Types¶
The TimeF value types live in timenet.types (one module per concept, re-exported from the package).
Every schema-carrying type is a plain frozen dataclass so it pickles and round-trips through
TimeFReader without runtime class synthesis. Errors live in timenet.errors.
Version¶
A semantic major.minor.patch version. Frozen and ordered, so versions compare with the usual
precedence (Version(1, 2, 0) > Version(1, 1, 9)). Components must be non-negative integers.
from timenet.types import Version
Version(1, 0, 0)
Version.parse("1.0.0") # equivalent
str(Version(1, 2, 3)) # "1.2.3"
Units¶
TimeNet uses pint for all physical units.

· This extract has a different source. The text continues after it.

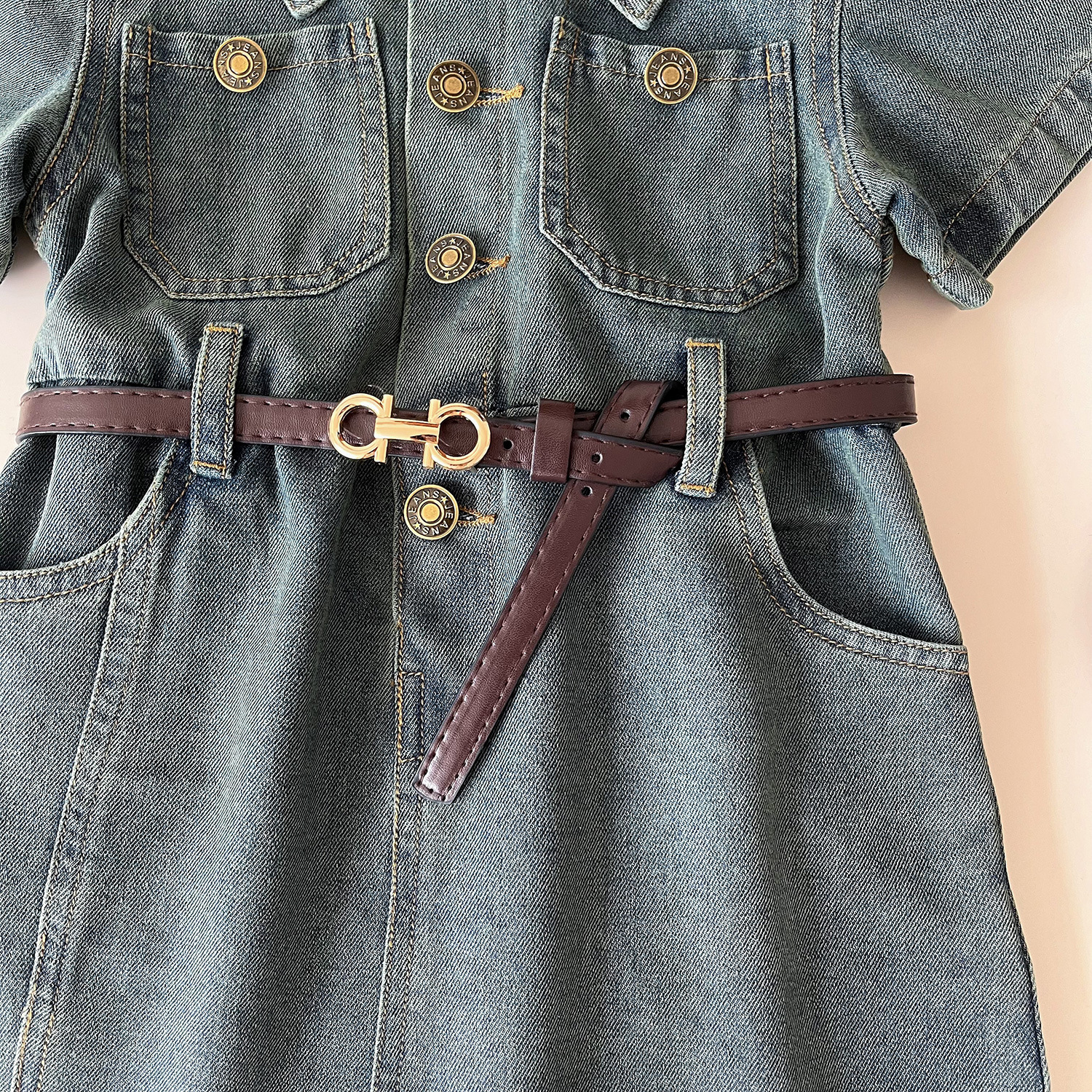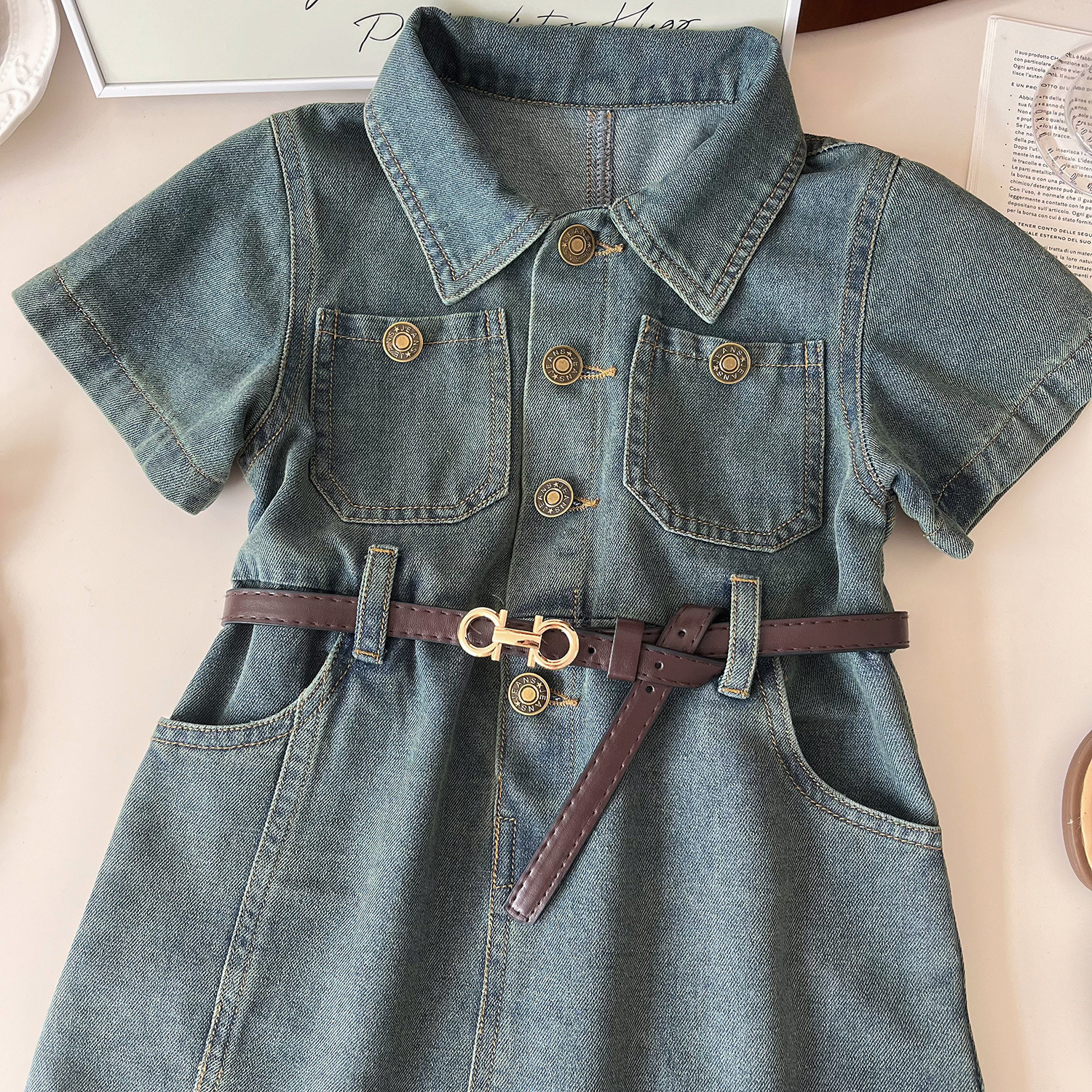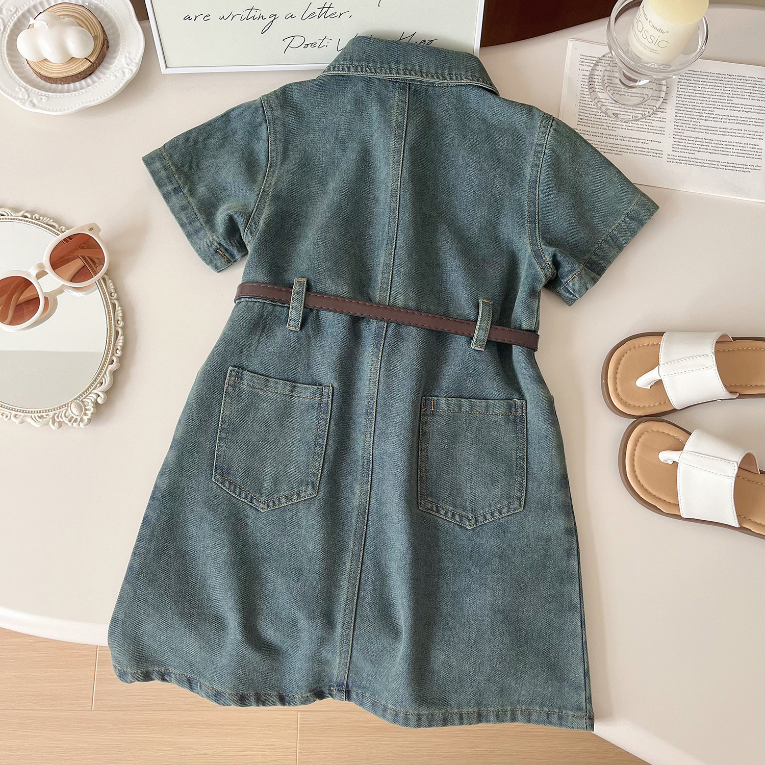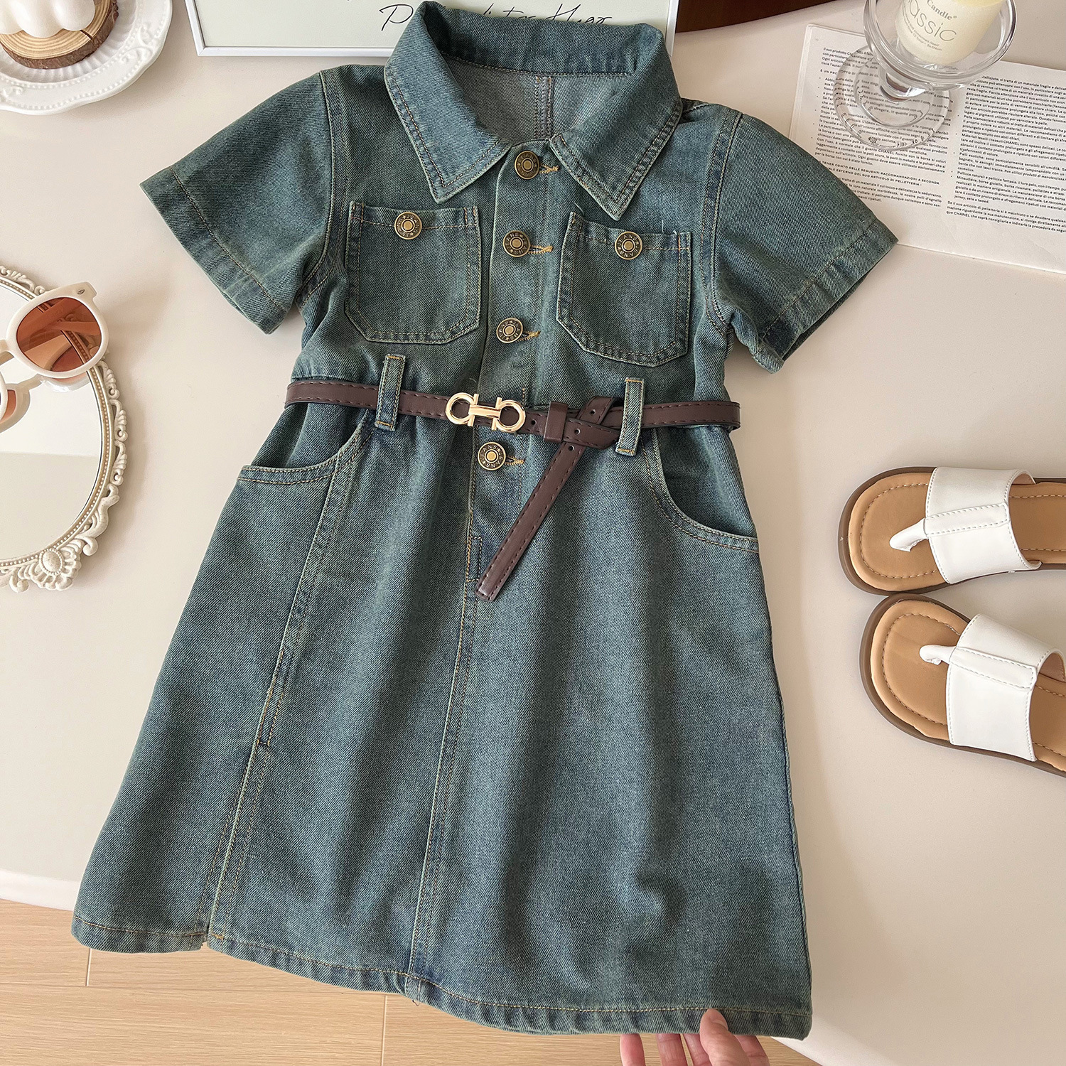 어린이 데님 원피스 새로운 여름 소녀 패션 귀여운 세척 부드러운 반팔 데님 원피스스토어 가기

One process-wide registry,
ureg, owns every definition and conversion, plus two custom units (beat, bpm) pint does not ship.
Reference units through ureg (ureg.hertz, ureg.millivolt, ureg.standard_gravity,
ureg.dimensionless), never a second registry, or comparisons and conversions fail.
DataSource¶
The origin that produced a modality: a device, an API feed, a model, an institution. A flat frozen dataclass built directly.
from timenet.types import DataSource
DataSource(data_source_type="holter_x", name="Holter Monitor X", provider="Acme")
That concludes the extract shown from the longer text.